The God of the Journalists

ABSTRACT: 
Man is never left without something to worship. A Rolling Stones reporter Michael Hastings has written an e-book explaining the positively melting effect the presence of our great leader has on journalists and reporters, who "lose their minds" when fortunate enough to have the opportunity for questions. I have asserted that Communism isn't truly godless. Wherever one finds evidence of Communism or another atheistic form of fascism  one also finds evidence that eerily resembles that of a triumphant religious revolution or revival. Glorious statues of Lenin and Stalin were erected in Soviet Russia (actually, you can find a statue of dear Vladimir in the Fremont district of Seattle), immortalizing them as supreme beings...I would argue that this fawning and gasping our President seems to elicit from members of the press is not all that different in principle to the idolizing of Lenin and Mao, or the worship of Buddha or the Virgin Mary. These journalists are not religious, God-fearing individuals, of course--they are liberal progressives and secularists who claim freedom from religion to be the purest form freedom can take. And yet here they are, uplifting Obama to a standard absolutely no other living human is privileged with, unwittingly granting him semi-divine status and pledging devotion. My husband Cody disagrees; he maintains that irreligious people can really be irreligious...they need no higher power to whom they would be attributed. I hold the opposite view, of course. Whether it be consecrated to a man like Obama, an ideology like socialism, or a cause like the halt of global warming--in the mind of every human, there is a shrine at which he kneels.
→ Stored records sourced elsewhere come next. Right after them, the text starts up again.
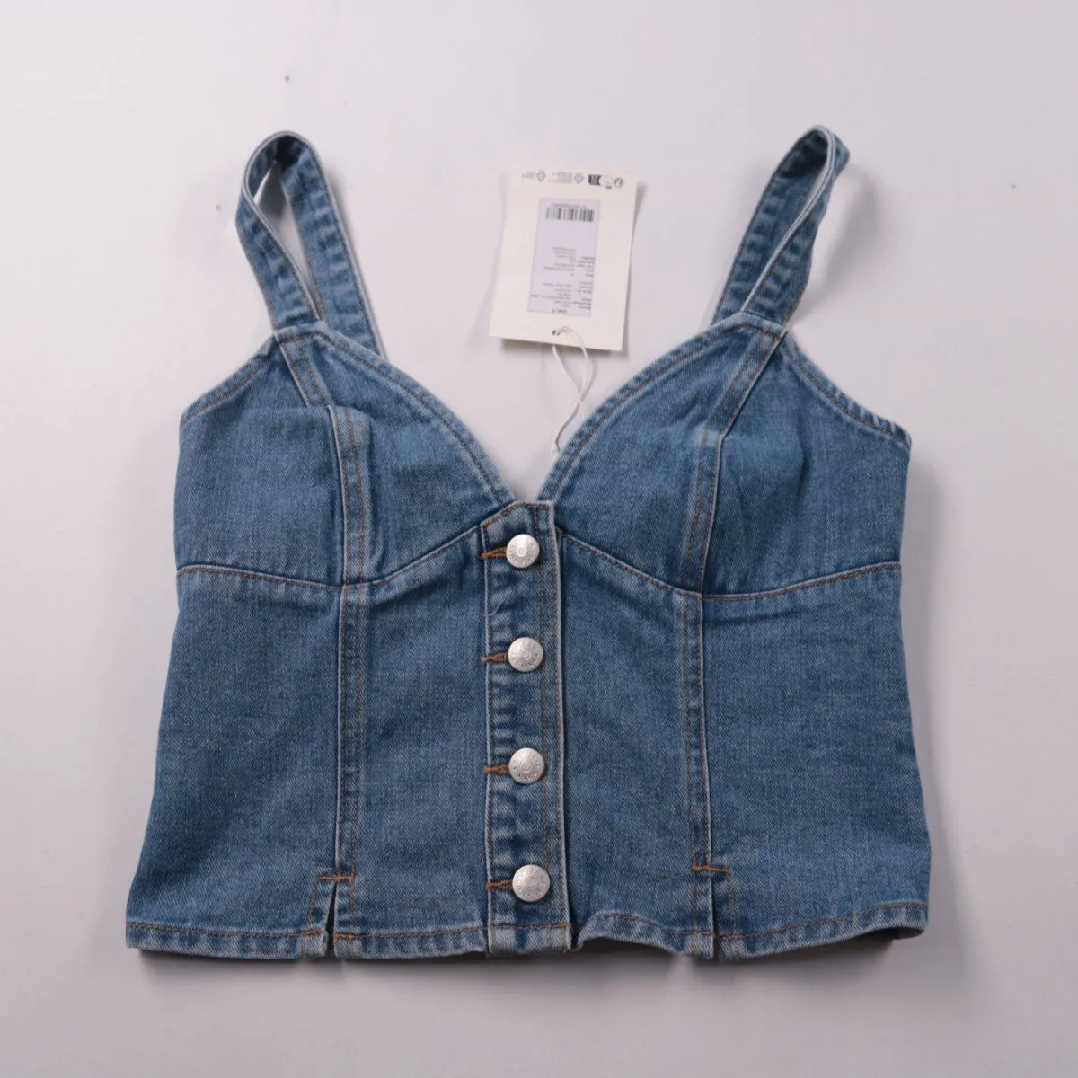 Джинсовый топ-бюстье ONLY на широких бретелях с застёжкой на пуговицы спереди. Сзади есть эластичная сборка, поэтому посадка лучше подстраивается по фигуре; подойдёт для летних образов с джинсами, юбкой или шортами. Плотный деним хорошо держит форму.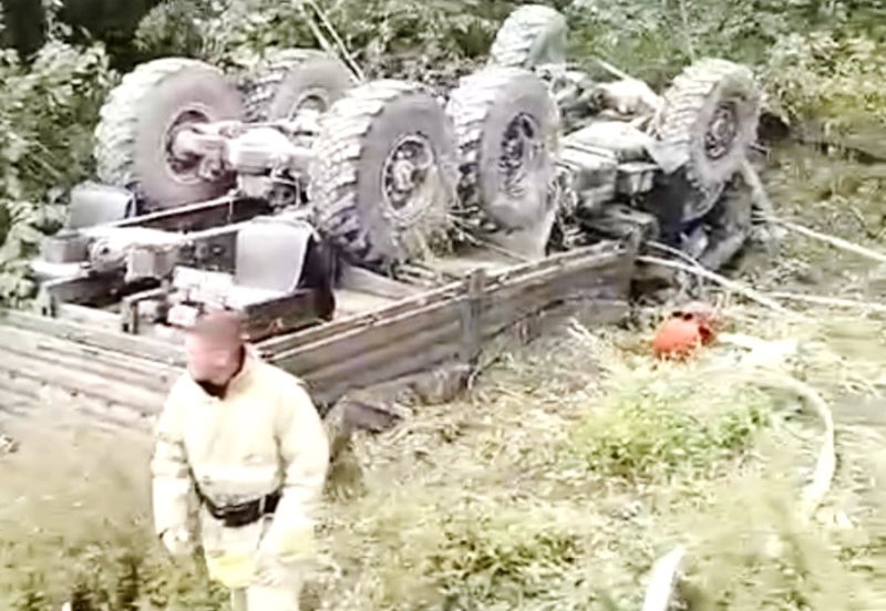Грузовик на встречной полосе задел внедорожник «Тойота Лэн Крузер Прадо». После столкновения «КамАЗ» съехал в кювет и опрокинулся на крышу.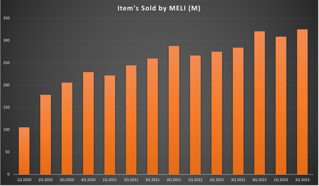 将我们的注意力转向销售商品的数量,我们看到了与 GMV 相似的轨迹。2023 年第二季度,交易量为 3.253 亿件,而上一年为 2.752 亿件,增长 18.2%。
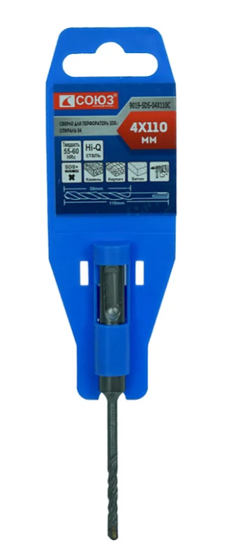 Бур SDS+ 04x110 мм с твердосплавной напайкой, СПИРАЛЬ S4 , Союз 9019-SDS-04x110C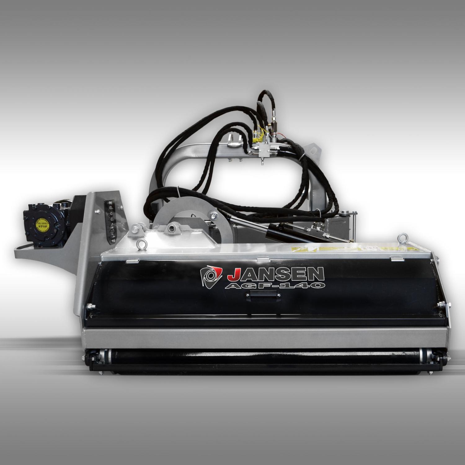 AGF-140 släntklippare har en tung bakrulle och en friläge. Galvaniserade lameller hängande på en pendel på klipparens framsida hindrar stenar etc. att fly.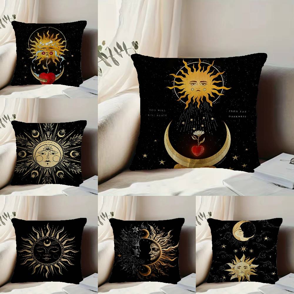 Sun Moon Mandala Series Pattern Pillow Case Anti-dustmite Pillowcase Invisible zipper silky short plush Sofa cushion cover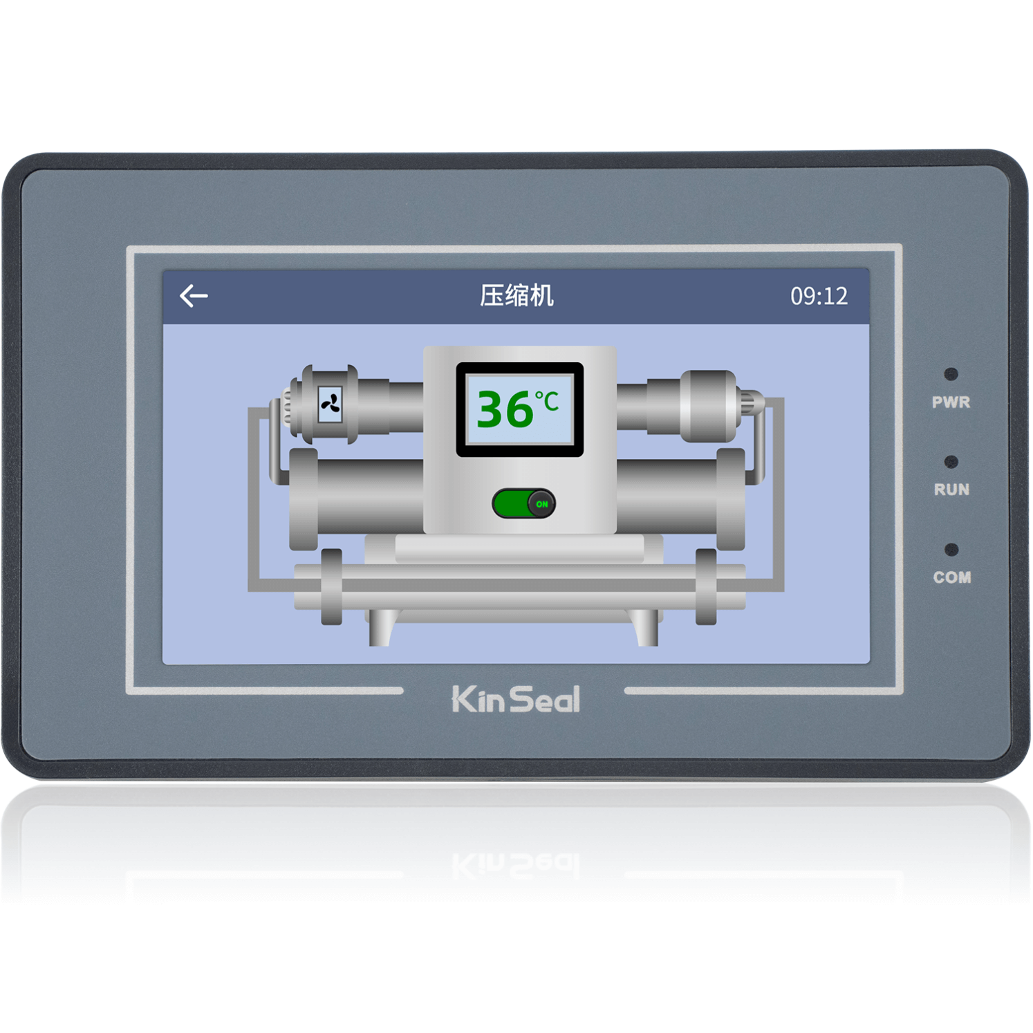 金璽HMI應(yīng)用在超聲波控制上,安裝在控制機箱上對超聲波進行數(shù)據(jù)設(shè)定和監(jiān)控。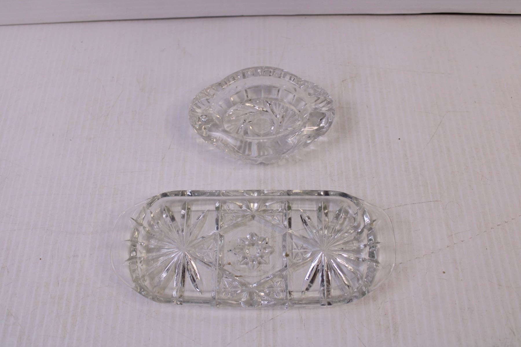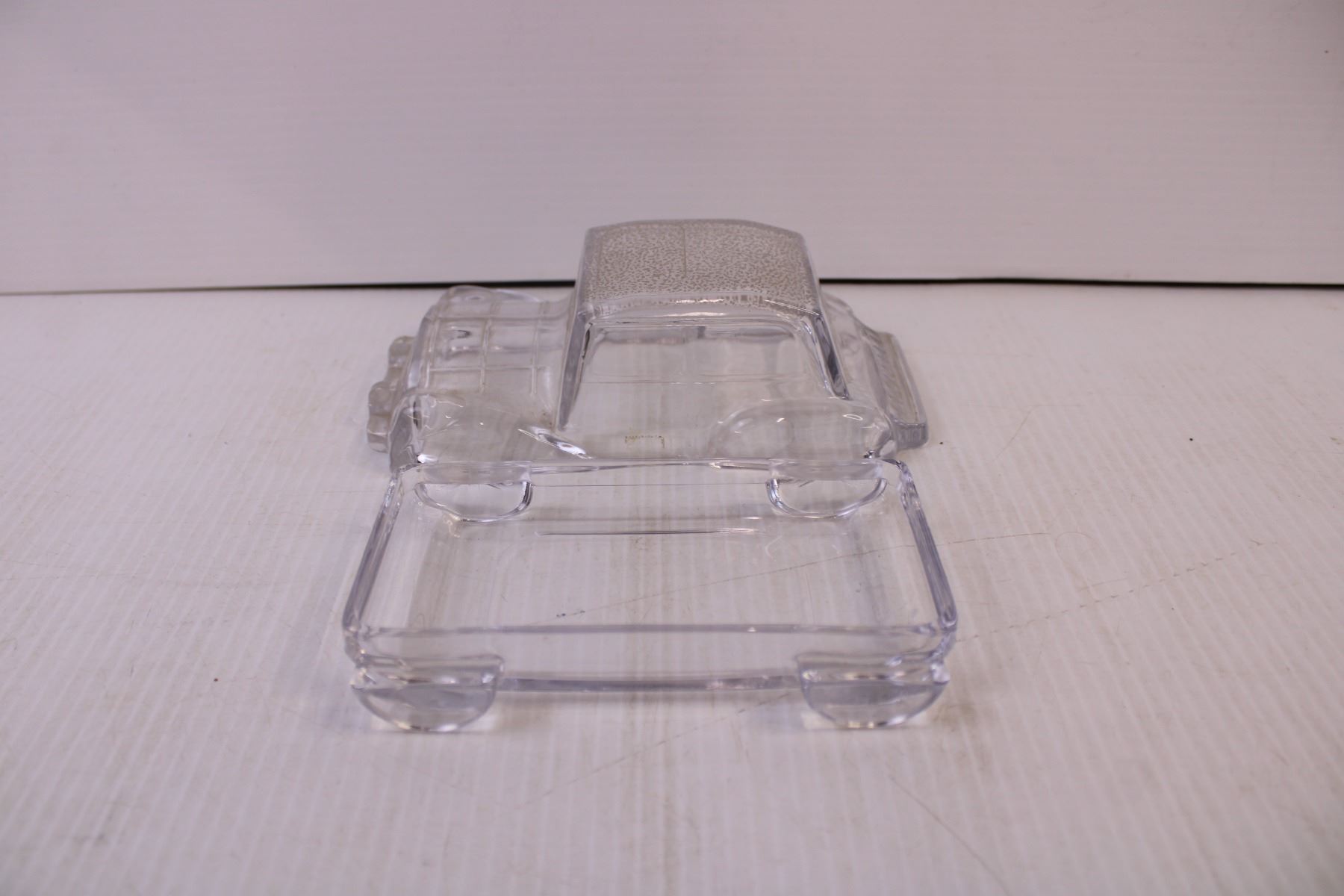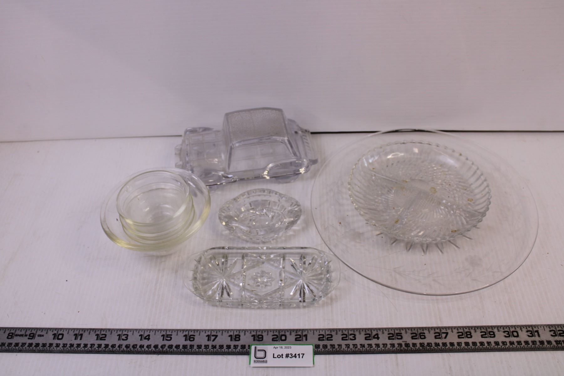 Various glasss serving dishes, novelty car shaped butter dish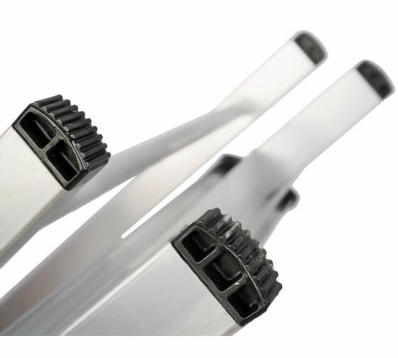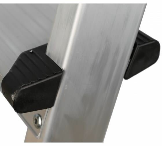 - Алюминиевая конструкция делает стремянку легкой и прочной, ее можно эксплуатировать внутри помещений и на улице, так как она не подвержена коррозии.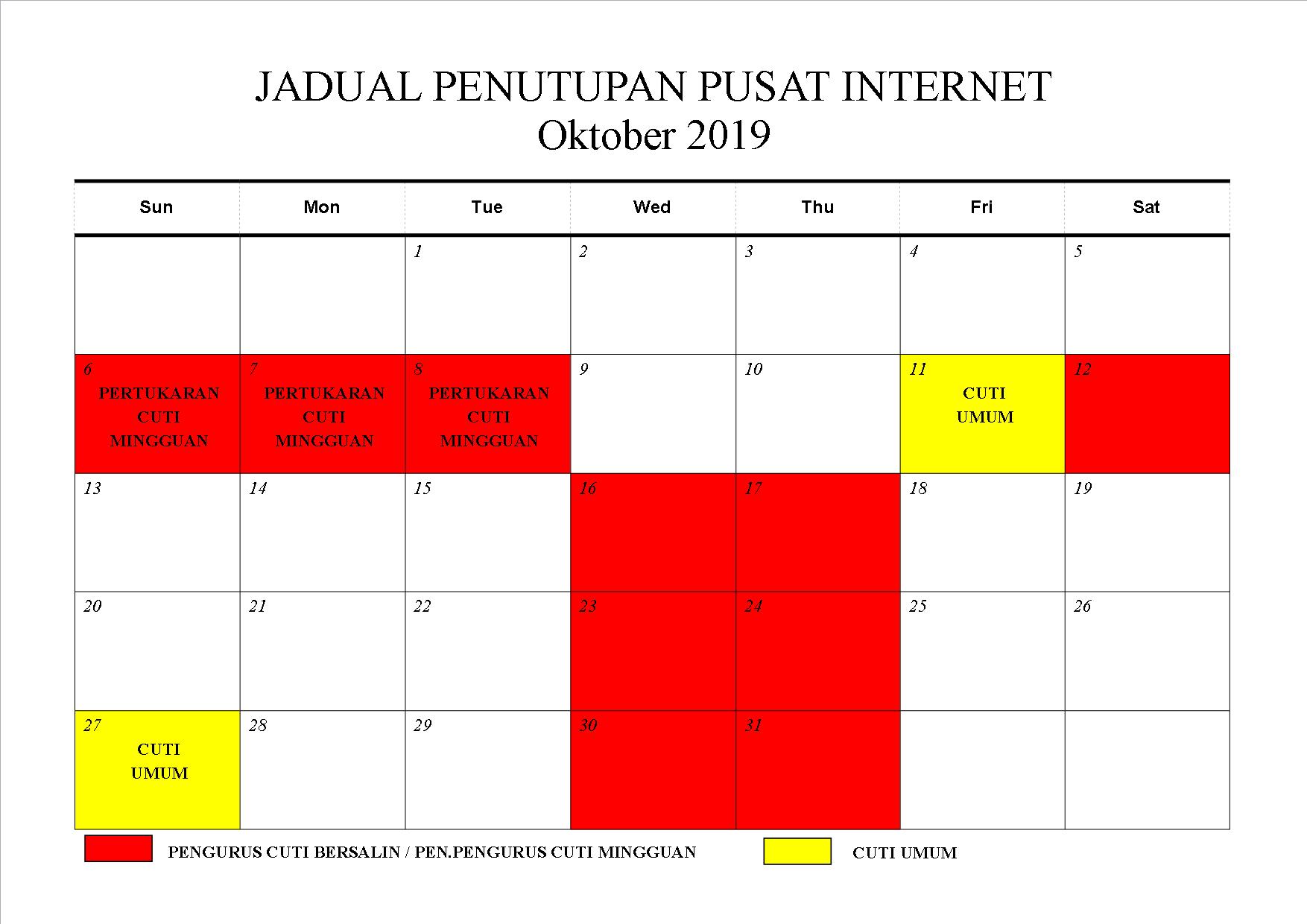 MAKLUMAN PENUTUPAN PUSAT INTERNET BAGI BULAN OKTOBER 2019 KERANA PENGURUS CUTI BERSALIN SILA RUJUK JADUAL UNTUK KETERANGAN LANJUT. UNTUK DIHUBUNGI :PENGURUS : 011-37034842PEN.PENGURUS : 012-9344875 TERIMA KASIH.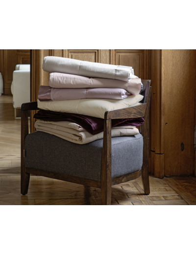 Le garnissage naturel du jeté de lit Bellevue, composé à 50% de duvet et à 50% de plumettes de canard, apporte un confort et un gonflant exceptionnel.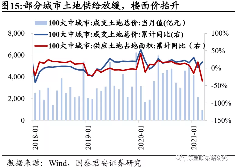 新开工与销售短期背离,供给受限土地出让同比下滑。2021年1-2月新开工面积1.70亿平方米,较2019年复合增速为-4.8%,环比增速远低于疫情前三年均值。土地出让方面,100大中城市供应土地占地面积至3月下旬累计同比下降27.2%,主要是因近期部分城市土地供给节奏放缓,但房企拿地意愿不弱,成交楼面价有所抬升。

Man is never left without something to worship.

The past few days I've heard many reporters and journalists serve as easy cannon fodder for conservative commentators against the liberal/progressive Media Machine, and boy do those cannon balls fly. Honestly, it really is hard not to laugh when you hear about a Wall Street reporter who used an inquisitive sock puppet to coax some responses from President Obama.

A Rolling Stones reporter Michael Hastings has written an e-book explaining the positively melting effect the presence of our great leader has on journalists and reporters, who "lose their minds" when fortunate enough to have the opportunity for questions. Dozens of soundbites from similarly giddy contributors on cable news (well, is it news?) shows back up Hasting's claims.

I mulled over this phenomenon in my head for a while, and then was reminded of something I had said previously in a class last quarter: the discussion had been about the resurgence of Islam in Central Asia under Soviet domination, despite the atheistic Communist doctrine of the U.S.S.R. Naturally a comparison between the Communist philosophy and major world religions came up--I asserted that Communism isn't truly godless. Wherever one finds evidence of Communism or another atheistic form of fascism  one also finds evidence that eerily resembles that of a triumphant religious revolution or revival. Chairman Mao virtually wrote his own scripture to be disseminated among the masses (the Little Red Book); glorious statues of Lenin and Stalin were erected in Soviet Russia (actually, you can find a statue of dear Vladimir in the Fremont district of Seattle), immortalizing them as supreme beings, certainly far better than any other human, and worthy of universal devotion.

I would argue that this fawning and gasping our President seems to elicit from members of the press is not all that different in principle to the idolizing of Lenin and Mao, or the worship of Buddha or the Virgin Mary. What I mean is that many members of mainstream press, probably most, do not kneel before Buddha, before an altar, or even at their bedside. These are not religious, God-fearing individuals--they are liberal progressives and secularists who claim freedom from religion to be the purest form freedom can take. And yet here they are, uplifting Obama to a standard absolutely no other living human is privileged with, unwittingly granting him semi-divine status and pledging devotion and, certainly, their testimony to his supreme wisdom as granter of social justice and defender of the Truth of science. God does not bless the President; the President blesses the believers.

My husband Cody disagrees; he maintains that irreligious people can really be irreligious, with no exceptions to the absolute ordinariness of humans and the material world, and certainly no belief in anything beyond it. They may have their principles and morals (without really knowing where they come from), but they need no higher power to whom they would be attributed. I hold the opposite view, of course. Whether it be consecrated to a man like Obama, an ideology like socialism, or a cause like the halt of global warming--in the mind of every human, there is a shrine at which he kneels.